The core retrieval problem in a model lake: given a task description, a query model, or a dataset, find the right model(s) among potentially millions. This is the most active line of recent work and the area where data-lake techniques (embeddings, RAG, agentic search) are crossing over.

CVPR2025
Charting and Navigating Hugging Face's Model Atlas
E. Horwitz, et al.
Builds a structured "atlas" of the Hugging Face model ecosystem by recovering the implicit fine-tuning DAG that connects foundation models to their descendants. Demonstrates concrete applications: predicting model attributes, recovering fine-tuning structure even when undocumented, and surfacing the evolutionary structure of public model hubs. A model-lake-style approach applied to today's largest public model repository.
arXiv2025
HuggingR4: A Progressive Reasoning Framework for Discovering Optimal Model Companions
(see arXiv listing for authors)
Recasts model selection as an iterative reasoning process — Reasoning, Retrieval, Refinement, Reflection — rather than one-shot retrieval. Targets the 2M+ model setting of Hugging Face explicitly, where putting full descriptions into prompts is infeasible.
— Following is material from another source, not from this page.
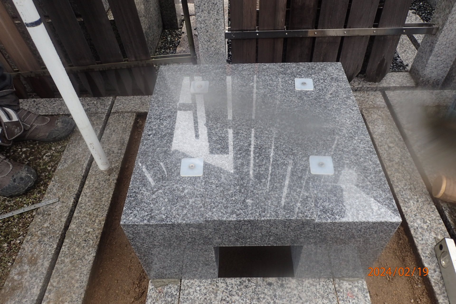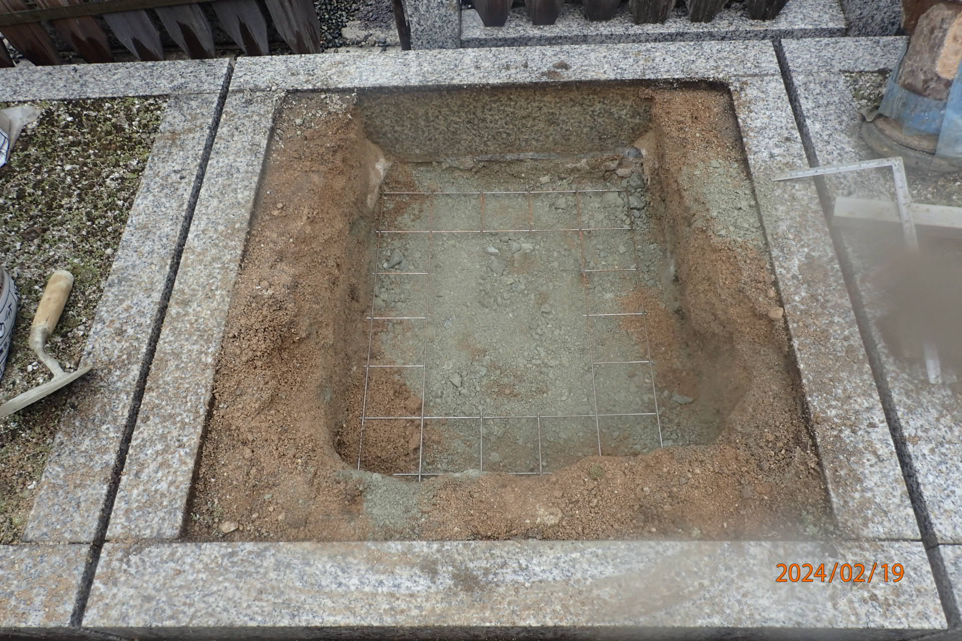 区画の中央に穴を掘り、クラッシャー(砕石)とメッシュ筋を施工しまして、その上に御影石の納骨室を据えます。

Mirrors the agentic shift now happening in text-to-SQL schema linking.
arXiv2025
ML-Asset Management: Curation, Discovery, and Utilization
(see arXiv listing for authors)
A broader framing covering not just models but the full bundle of curated ML assets — models, datasets, prompts, agents. Useful for situating model search within the wider problem of asset discovery in the LLM era.
06 — Empirical Studies

Empirical Studies of Model Hubs

Hugging Face is, in effect, the world's largest model lake. Empirical studies of how it's used, named, and reused are the most direct evidence we have for what a working model lake actually looks like — and where it breaks.

ICSE2023Background
An Empirical Study of Pre-Trained Model Reuse in the Hugging Face Deep Learning Model Registry
W. Jiang, N. Synovic, M. Hyatt, T. R. Schorlemmer, R. Sethi, Y.-H. Lu, G. K. Thiruvathukal, J. C. Davis
A foundational empirical analysis of how the Hugging Face model hub is actually used: how models are named, packaged, reused, and forked. Documents the patterns and pathologies (inconsistent naming, missing documentation, broken dependencies) that any production model lake must contend with.
FSE2024Background
"I see models being a whole other thing": Naming Practices of Pre-Trained Models on Hugging Face
W. Jiang, et al.
A qualitative and empirical analysis of model naming practices on Hugging Face. Shows that names are inconsistent, sometimes misleading, and frequently inadequate as a basis for selection — a direct argument for the richer search and retrieval primitives that model lake research targets.